How does this apply to my current endeavor, hiking the Appalachian Trail? Perhaps you’re wondering if I have too much time to think while on this journey. That part is true. However, common among hikers, one of the challenges of the trail, is to maintain a focused state of mind. Many hikers let thoughts of home dominate them while they’re out here. When they get home, they let thoughts of the trail seep back in, and they wonder if they did the right thing by quitting the hike. I don’t like to let either of these “rabbit holes” win. The truth for me is that every morning I wake up, before me are a pair of boots and a pack. The trail stretches onward, upward over mountains and downward into bogs. I exercise the freedom of choice to don the boots, load and hoist the pack, and step into the trail. I’m free in making those choices, despite challenges or setbacks, because I’ve stepped toward a life long dream. I’ve always wanted to spend an extended time in Nature. And by renewing that choice, I remain unbound by that which is not on my path today.

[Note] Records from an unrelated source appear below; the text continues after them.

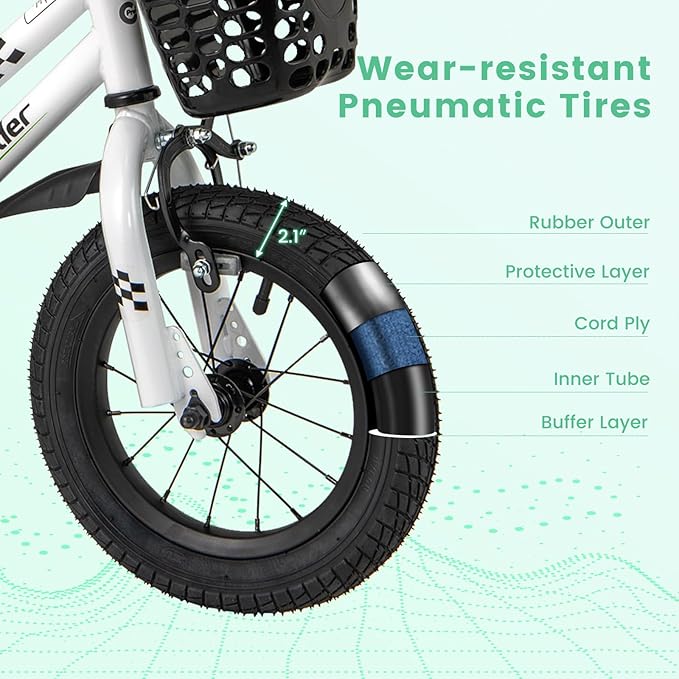 - 【Stable & Reliable Construction】 The kids bike boasts wear-resistant and anti-skid pneumatic tires with 5 layers, providing excellent stability across varied terrains, such as asphalt roads, brick roads, boardwalks, grass, etc. Moreover, supported by a high-strength carbon steel frame, it is designed to endure the adventures of active kids.
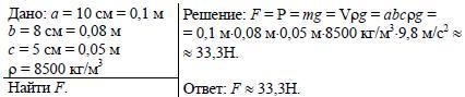 С какой силой растянута пружина, к которой подвесили брусок из латуни размером 10х 8х 5х (см)?
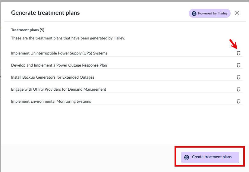ستظهر لك نافذة حوار مشابهة لما يلي تحتوي على قائمة بخطط معالجة المخاطر المحتملة لهذا الخطر المحدد. إذا لم ترغب في إضافة خطر معين، يمكنك حذفه في هذه المرحلة (أو لاحقًا، إذا رغبت). إذا كنت راضيًا عن القائمة المعروضة، فانقر على إنشاء خطط المعالجة. سيتم إنشاء خطط المعالجة وربطها بالخطر الذي تم توليدها فيه.
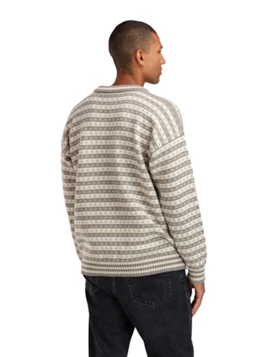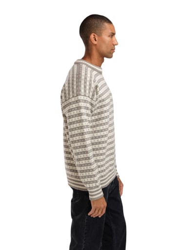 The Skipsleia sweater is a versatile unisex knit, designed as an effortlessly stylish layer. With its relaxed fit and allover stripe pattern paired with the traditional lice design, this sweater strikes the perfect balance between classic charm and contemporary comfort. As a unisex piece, it offers a slightly oversized look for women and a regular fit for men, creating an easygoing and adaptable style for everyone. Inspired by the historic Fana sweater and the iconic “Islender,” traditionally worn by Norwegian fishermen, the Skipsleia sweater incorporates distinctive stripes in the ribbing, enhancing its rugged workwear appeal. Designed with clean, simple lines, the Skipsleia sweater is made to stand the test of time. The Skipsleia sweater in colorway M00 is made from premium undyed lightweight wool, utilizing the natural colors of the animal fiber. This approach not only highlights the beauty of the wool in its most authentic form but also preserves its natural qualities by eliminating the dyeing process, resulting in a garment that is as natural as it is stylish. - XS – XXL
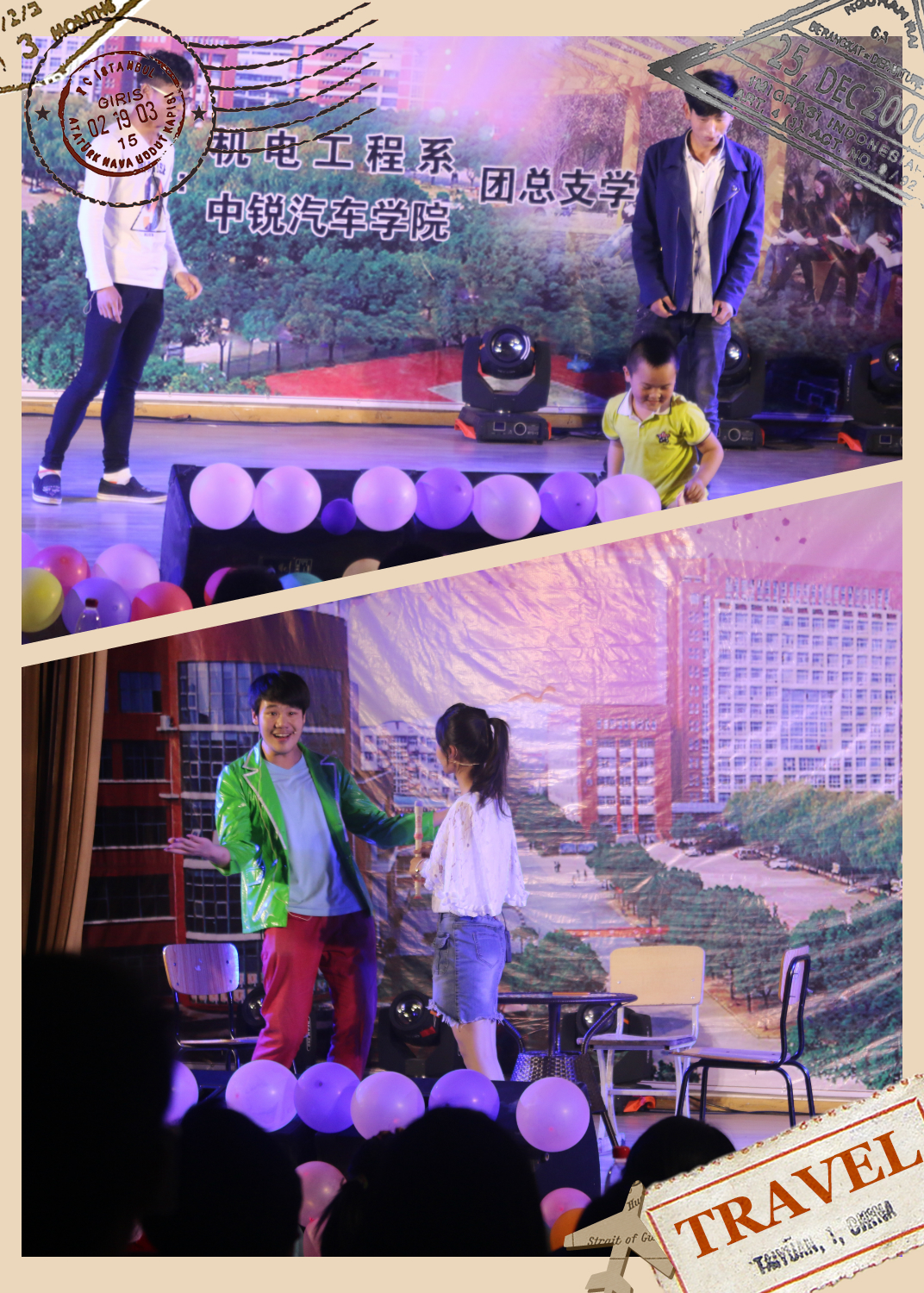 5月24日晚18点30分,学术报告厅流光溢彩,热闹非凡,机电工程系与中锐汽车学院联合在此举办了“九州扬帆青春续航”送毕业生晚会,本次晚会由两个系院的团总支学生会主办。常务副院长陈万平、副院长冯新平、党委副书记俞亚芹、学工处处长武艳、经济与管理系主任张道响、机电工程系主任陈自力及各部门的老师和与现场三百名师生共同观看了晚会。
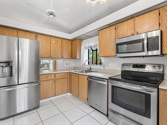 Situated on a gorgeous tree-lined street, this beautiful Champagne model features 2 bedrooms and 2 full baths. Eat-in kitchen complete with Kenmore Elite stainless steel appliances. Separate laundry room with full size washer, dryer & plenty of storage. Lovely Florida room with A/C overlooking private patio and garden. Whisper Walk community amenities include tennis, pickleball, shuffleboard, pool, clubhouse with exercise room, billiards, card room, library and more!
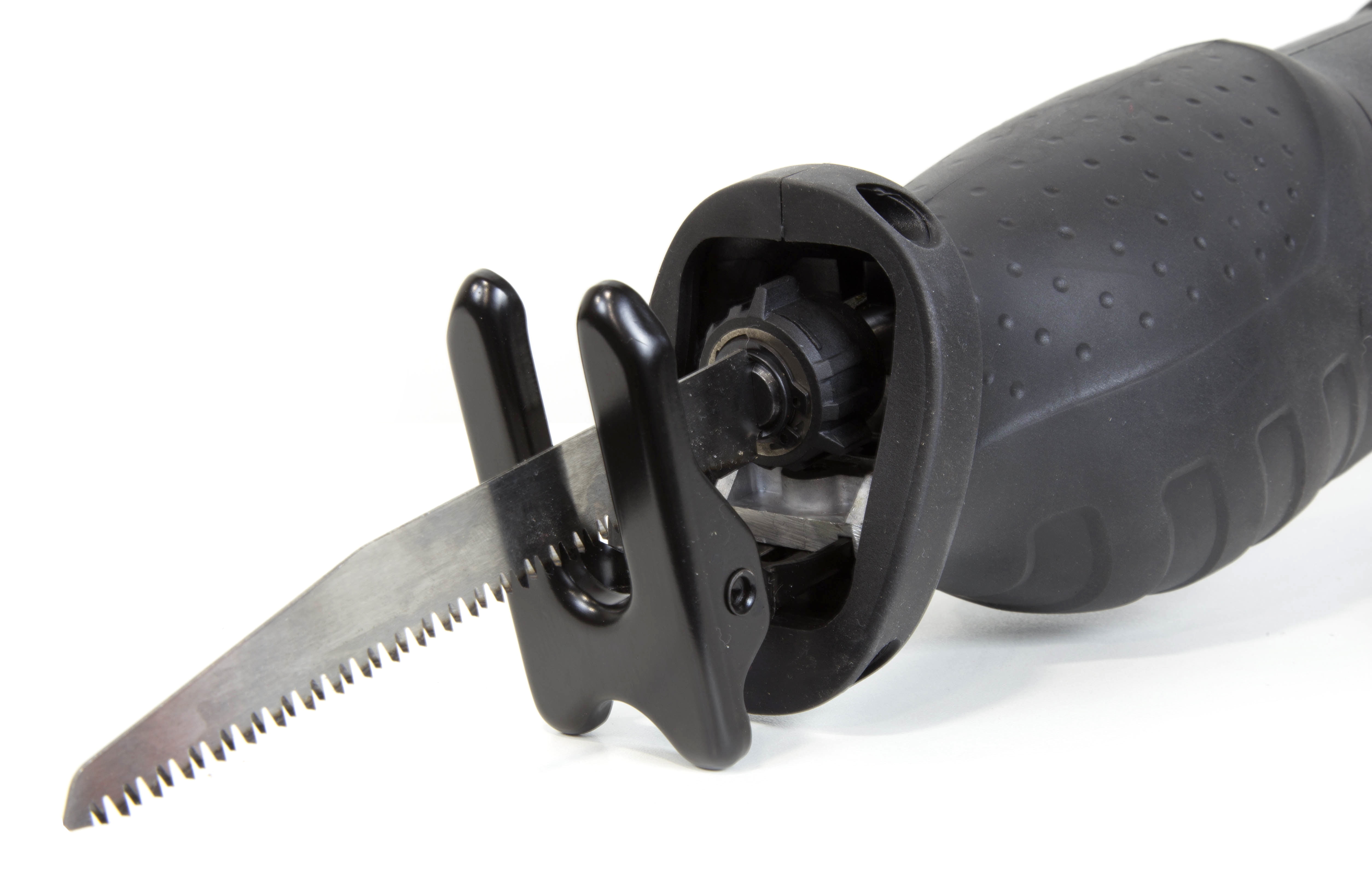 WEN 10-Amp 8-Position Variable Speed Reciprocating Saw: 10-amp motor handles up to 4-1/2 inches of wood and 3/5 inches of metal Pressure-sensitive trigger provides anywhere from 0 to 2800 strokes per minute Pivoting head features eight different stops for a variety of jobs: one every 45 degrees Twist-lock quick-release blade holder allows for simple tool-free blade changes Includes one metal blade, one wood blade, a soft rubber-grip front handle, and a two-year warranty

In a given situation, True Freedom is not dependent on whether you can move into or out of that situation or not, it’s about what you make that situation into with your thoughts. The old saying “One person’s ceiling is another person’s floor” fits, in that what one person sees as freedom another sees as slavery. That would be relative freedom in action. True Freedom sees either approach as an equally valid choice.

In a second post on this topic, I’ll address emotional freedom. I’ll close with a quote from the late Krishnamurti: “The ability to observe without evaluation or judgement  is the highest form of intelligence.”

The Zone

Stop complaining about all that. Just ‘get into the zone and walk‘”. This was a chastisement that I overheard one hiker give to his buddy. It’s not uncommon to hear something like this, as it’s easy to focus on the difficulty of the trail and let it overwhelm the pleasure. However, what is this “zone”, how does one get into it, and why?

For the purpose of this article, I’d like to define this zone as “a mind state wherein an activity or involvement seems to move or flow automatically, without undue stress or effort“. There are benefits to being in this zone. I once did a study of several athletes and musicians who were extremely good at what they did. They were artists of creativity in their respective field. They could make their effort seem to be easy, free, and distinct. Knowing how difficult it is to do what they did, one was left to wonder at the hours of preparation and practice that they had put into their craft.

The “zone” that’s being referred to is a mind state, or a shift, that everyone makes at one point or another. Some become aware of it, even familiar, and can call upon it at will. Others never learn what it is, what it’s good for, nor how to summon it and use it to advantage. Like most mind states and/or emotions, it’s hard to describe or map, but I’d like to take a stab at it.

Within the zone, the mind works differently, especially with regards to the rational thought process. The focus of the mind shifts, and the activity that has been engaged seems to go into auto-pilot. If you’ve ever watched a dog engaged in chasing a ball, you’ve seen the zone in action. If you’ve ever been absorbed into watching a movie, or reading a book, to the exclusion of where you are physically within present time and space, you’ve experienced a zone (of sorts).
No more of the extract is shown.